Tuesday, December 29, 2009

Essential Genealogy Books For Family Historians

For every family history buff, a well-stocked bookshelf is vitally important to help your research. Most of the following genealogy books can be found at your local library, but having them on hand can benefit you when you feel you need help locating a type of record or figuring out where to look next.

Ancestral Trails The Complete Guide to British Genealogy and Family History, Volume ll by Mark Herber.

Likely the definative book for those doing English research, Herber's book has been a part of my own personal collection since it first appeared. The book is the sequel to Herber's previous edition and is described as "bigger and better with the new and expanded edition" and it is also available in paperback (as shown to the left).

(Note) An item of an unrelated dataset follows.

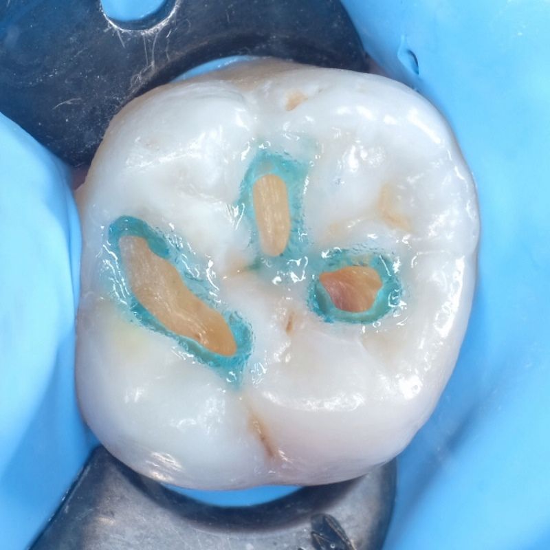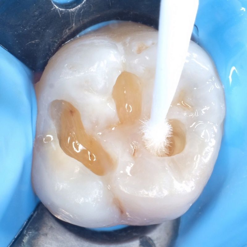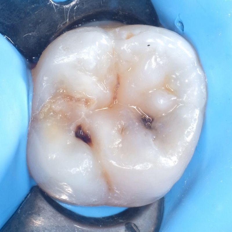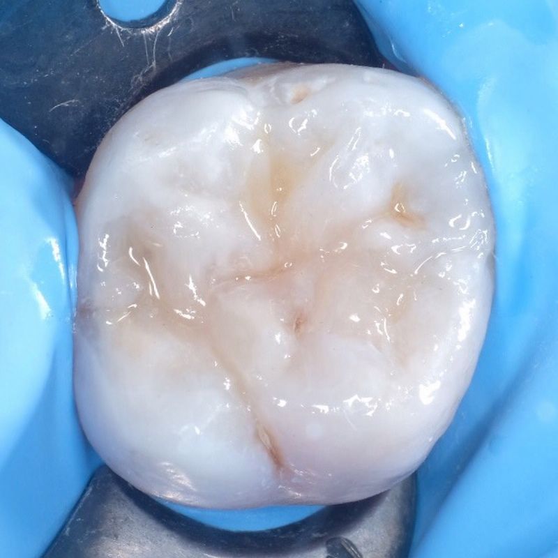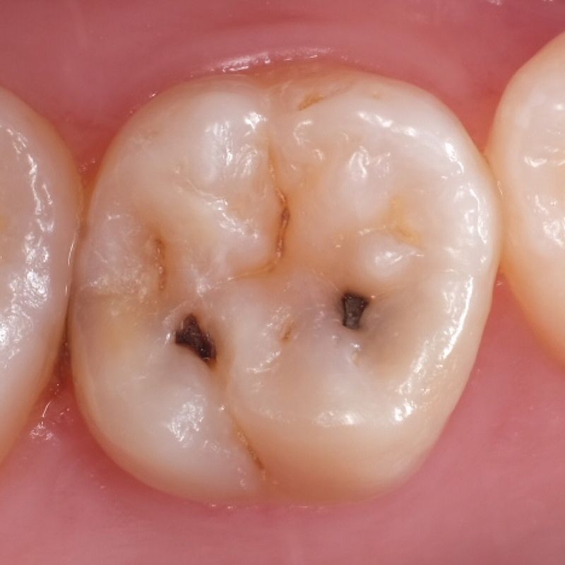Фиссуры сами по себе имеют более темный оттенок, чем остальная поверхность эмали зуба. Это связано с тем, что они заполнены налетом, зубными бляшками, которые невозможно полностью удалить зубной щеткой, да и просто находятся в углублениях в тени бугров зуба. Все это часто маскирует фиссурный кариес и затрудняет его выявление.

The book includes advice and guidance for those researching the often overwhelming British archives, and digging into various records such as personal recollections, photographs and other memorabilia to civil, legal and religious records, newspapers and directories.

The book helps the beginner genealogist as well as being invaluable to the more advanced researcher.

The Handybook for Genealogists: United States of America, 10th edition, by George B. Everton.

Exactly as described, Everton's Handybook is a primary resource for anyone doing research in the United States.

The book is broken down state by state, with numerous helpful maps outlining state and county boundary changes through the years, as well as useful information about everthing from the availablity of census records, to local libraries and genealogical sources. One of the first places any beginner should look as well as seasoned family historians.

The Source - A Guidebook to American Genealogy Published by Ancestry.com. Edited by Loretto Dennis Szucs and Sandra Hargreaves Luebking

Ancestry.com's excellent guide to both online and offline sources of genealogical records.

Each chapter covers one area of research such as census records, church records, court records, city and other directories, immigration records, land records, military records, newspapers, and vital records. Special guides include: African American research, colonial English, colonial Spanish (for Arizona, California, Florida, Louisiana, New Mexico and Texas), Hispanic, Jewish American and Native American.

Obviously these three books only scratch the surface of what is available to genealogists and you should keep an eye out for other family history books that can help you trace your ancestry.